Fra le aree più promettenti, ci sono il Vietnam, l’Indonesia e il Bangladesh, centri di nuova industrializzazione manifatturiera a basso costo e fortemente orientati all’export. Le previsioni di crescita del Pil per quest’anno sono del 6,2% per tutti e tre i paesi, mentre per i prossimi quattro anni, se tutto va bene, dovrebbero superare mediamente il 7% a fronte di un tasso di disoccupazione che si attesta intorno al 5%. Unico problema, l’inflazione che supera abbondantemente il 10%, ragion per cui si consiglia di investire direttamente in obbligazioni denominate in dollari o tramite fondi specializzati. Ma la perla di queste nuove aree di frontiera è il Quatar (rating Standard & Poor’s AA). Nel 2011 il Pil dovrebbe registrare una crescita del 19% con una media di salita del 13% negli ultimi 10 anni.

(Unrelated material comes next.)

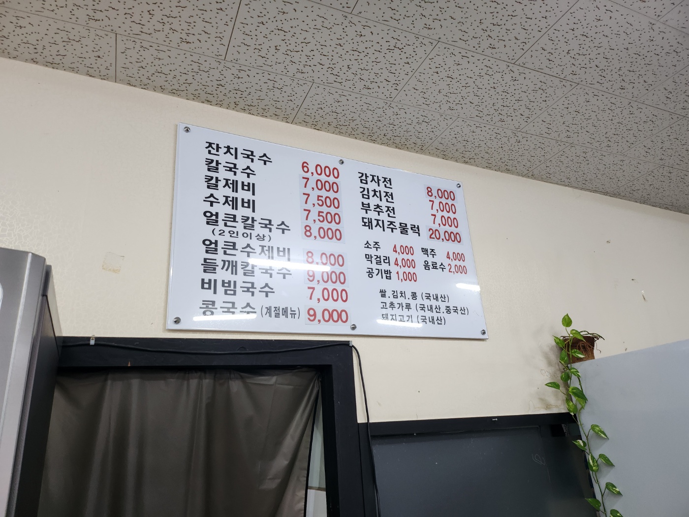 경산 중방동 정평역 근처 수제비 맛집 칼국수한그릇의 메뉴예요. 칼국수한그릇이라는 이름답게 칼국수도 맛있다고들 하는데 전 수제비를 좋아해서 여기선 늘 수제비만 먹는답니다. 칼국수 좀 얻어먹어봤는데 쏘 나이스하지만 극수제비파를 꺾을 순 없었습니다. 수제비 강추강추! 전도 종류별로 다 먹어봤는데 다 맛있었어요. 특히 감자전이 감자채를 썰어 바삭하게 튀기듯 부쳐주시는데 별미랍니다. 이날은 너무 정신이 없어서 전 시킬 생각도 못했어요. 그래서 전은 빠져버렸습니다.

Se a questo paese si aggiunge un’inflazione poco superiore al 4% e un debito/Pil che in Europa ci si sogna (13,5%), il quadro è perfetto. Il driver di crescita di questo stato di appena 1,7 milioni di abitanti sono l’ampia disponibilità di combustibili fossili e l’aumento della spesa pubblica connesso al piano di sviluppo nazionale. Per il futuro gli esperti prevedono un rallentamento della crescita dovuta al calo volontario della produzione di gas naturale, ma il piccolo emirato arabo potrà sempre sfoggiare una crescita costante del prodotto interno lordo di oltre il 6%, secondo le previsioni più pessimistiche. Fra i titoli obbligazionari più promettenti, segnaliamo la società energetica Qatar Gas Transpor 6,07% 2033 (Isin: USY62014AA64) da 850 milioni di dollari che rende 5,5% a scadenza o il Qatari Diar Finance 5% 2020 (Isin: XS0527351653) da 2.500 milioni di dollari che rende il 4,25% colosso attivo nel settore immobiliare e delle costruzioni. Fra i titoli di stato, evidenziamo il bond più corposo (vedi grafico a fianco) presente sul mercato da 3,5 di dollari Qatar 4% 01/2015 (Isin: XS0468466486) che rende il 2,7% a scadenza. Subito dietro al Quatar, gli economisti hanno individuato il Kazakistan che grazie all’aumento del prezzo del petrolio, dell’oro e degli investimenti pubblici, ha messo a segno nel 2011 una crescita dell’8,5%. Percentuale destinata a scendere nei prossimi anni, ma comunque a rimanere sostenuta per via del basso tasso di disoccupazione (+5%) e grazie al rapporto debito/Pil intorno al 13%.